On August 23, 2022, Drake was released by the Raiders.

===Baltimore Ravens (first stint)===
On August 31, 2022, Drake signed with the Baltimore Ravens. In Week 6, against the New York Giants, Drake had 119 rushing yards and one rushing touchdown in a 24–20 loss. In Week 9 against the New Orleans Saints, Drake rushed for 93 yards with two rushing touchdowns in a 27–13 victory. He ended the 2022 season playing in 12 games, while starting in 5, making 109 carries for 482 rushing yards and scored 4 rushing touchdowns. He had just 1 fumble that season, in a narrow Week 14 win against the Pittsburgh Steelers.

===Indianapolis Colts===
On August 5, 2023, Drake signed with the Indianapolis Colts. He was released on August 27 as part of their final roster cuts.

===Baltimore Ravens (second stint)===
On September 20, 2023, the Ravens signed Drake to their practice squad. After gaining zero yards on his only carry and losing a fumble against Indianapolis in Week 3, he was released on October 17, 2023.

===Cleveland Browns===
On October 31, 2023, the Browns signed Drake to their practice squad. He was released on November 28, 2023.

===Green Bay Packers===
On December 5, 2023, Drake was signed to the Green Bay Packers practice squad. On January 12, 2024, Drake was released from the practice squad.

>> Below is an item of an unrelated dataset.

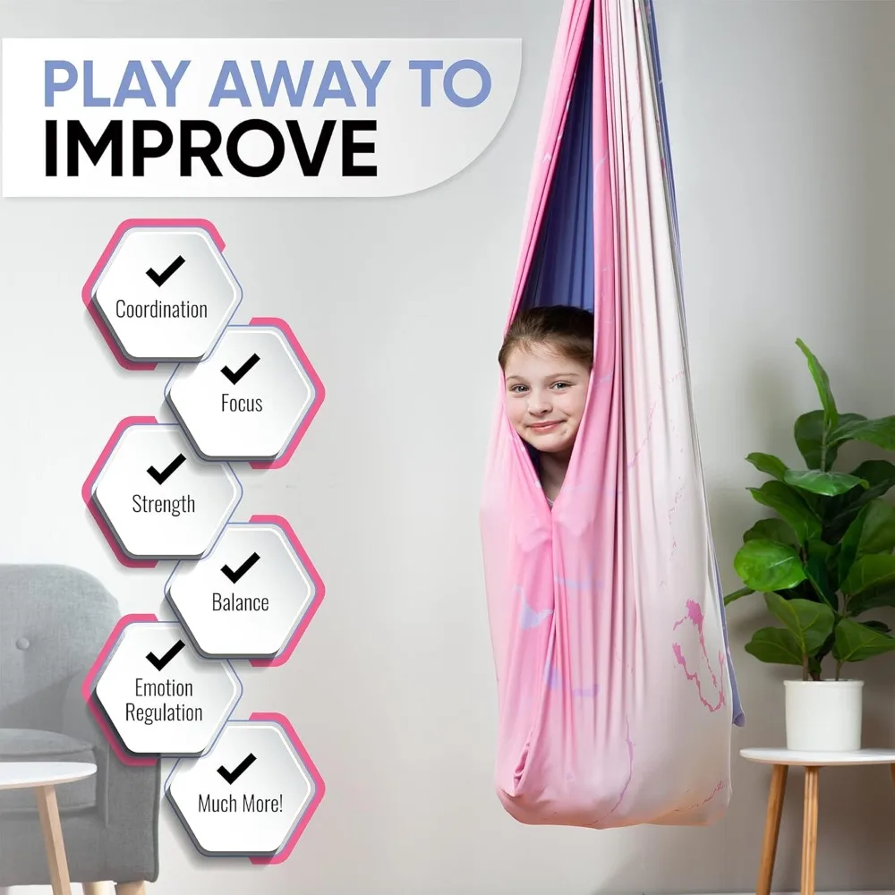 - Designed to help sensory seekers regulate their emotions. The swinging motion paired with compression provides the perfect vestibular sensory input, calming, and grounding for the nervous system.

On July 19, 2024, Drake announced his retirement from professional football after eight seasons in the NFL.

==Career statistics==

===NFL===
====Regular season====

| Year | Team | Games |  | Rushing |  |  |  |  | Receiving |  |  |  |  |  |
| GP | GS | Att | Yds | Avg | Lng | TD | Tgt | Rec | Yds | Avg | Lng | TD |
| 2016 | MIA | 16 | 1 | 33 | 179 | 5.4 | 45T | 2 | 10 | 9 | 46 | 5.1 | 9 | 0 |
| 2017 | MIA | 16 | 6 | 133 | 644 | 4.8 | 66T | 3 | 48 | 32 | 239 | 7.5 | 47 | 1 |
| 2018 | MIA | 16 | 7 | 120 | 535 | 4.5 | 54T | 4 | 73 | 53 | 477 | 9.0 | 52T | 5 |
| 2019 | MIA | 6 | 2 | 47 | 174 | 3.7 | 11 | 0 | 33 | 22 | 174 | 7.9 | 26 | 0 |
| ARI | 8 | 8 | 123 | 643 | 5.2 | 80T | 8 | 35 | 28 | 171 | 6.1 | 21 | 0 |
| 2020 | ARI | 15 | 13 | 239 | 955 | 4.0 | 69T | 10 | 31 | 25 | 137 | 5.5 | 18 | 0 |
| 2021 | LV | 12 | 2 | 63 | 254 | 4.0 | 21 | 2 | 39 | 30 | 291 | 9.7 | 31T | 1 |
| 2022 | BAL | 12 | 5 | 109 | 482 | 4.5 | 40 | 4 | 26 | 17 | 89 | 4.7 | 15 | 1 |
| 2023 | BAL | 2 | 0 | 1 | 0 | 0 | 0 | 0 | 3 | 2 | 31 | 15.5 | 0 | 0 |
| GB | 1 | 0 | 1 | 0 | 0 | 0 | 0 | 0 | 0 | 0 | 0 | 0 | 0 |
| Career |  | 104 | 44 | 869 | 3,866 | 4.4 | 80T | 33 | 299 | 218 | 1,655 | 7.6 | 52 | 8 |
Source: pro-football-reference.com

====Postseason====

| Year | Team | Games |  | Rushing |  |  |  |  | Receiving |  |  |  |  |  |
| GP | GS | Att | Yds | Avg | Lng | TD | Tgt | Rec | Yds | Avg | Lng | TD |
| 2016 | MIA | 1 | 0 | 0 | 0 | 0 | 0 | 0 | 0 | 0 | 0 | 0 | 0 | 0 |
| Career |  | 1 | 0 | 0 | 0 | 0 | 0 | 0 | 0 | 0 | 0 | 0 | 0 | 0 |
Source: pro-football-reference.com

===College===

| Year | School | Conf | Class | Pos | G | Rushing |  |  |  | Receiving |  |  |  |
| Att | Yds | Avg | TD | Rec | Yds | Avg | TD |
| 2012 | Alabama | SEC | FR | RB | 12 | 42 | 281 | 6.7 | 5 | 0 | 0 | 0 | 0 |
| 2013 | Alabama | SEC | SO | RB | 11 | 92 | 694 | 7.5 | 8 | 12 | 135 | 11.3 | 1 |
| 2014 | Alabama | SEC | JR | RB | 5 | 22 | 112 | 5.1 | 4 | 5 | 159 | 31.8 | 2 |
| 2015 | Alabama | SEC | SR | RB | 13 | 77 | 408 | 5.3 | 1 | 29 | 276 | 9.5 | 1 |
| Career |  |  |  |  |  | 233 | 1,495 | 6.4 | 18 | 46 | 570 | 12.4 | 4 |
Source: sports-reference.com

==Personal life==
Drake's younger brother, Isaiah Drake, is a professional baseball outfielder in the Atlanta Braves organization.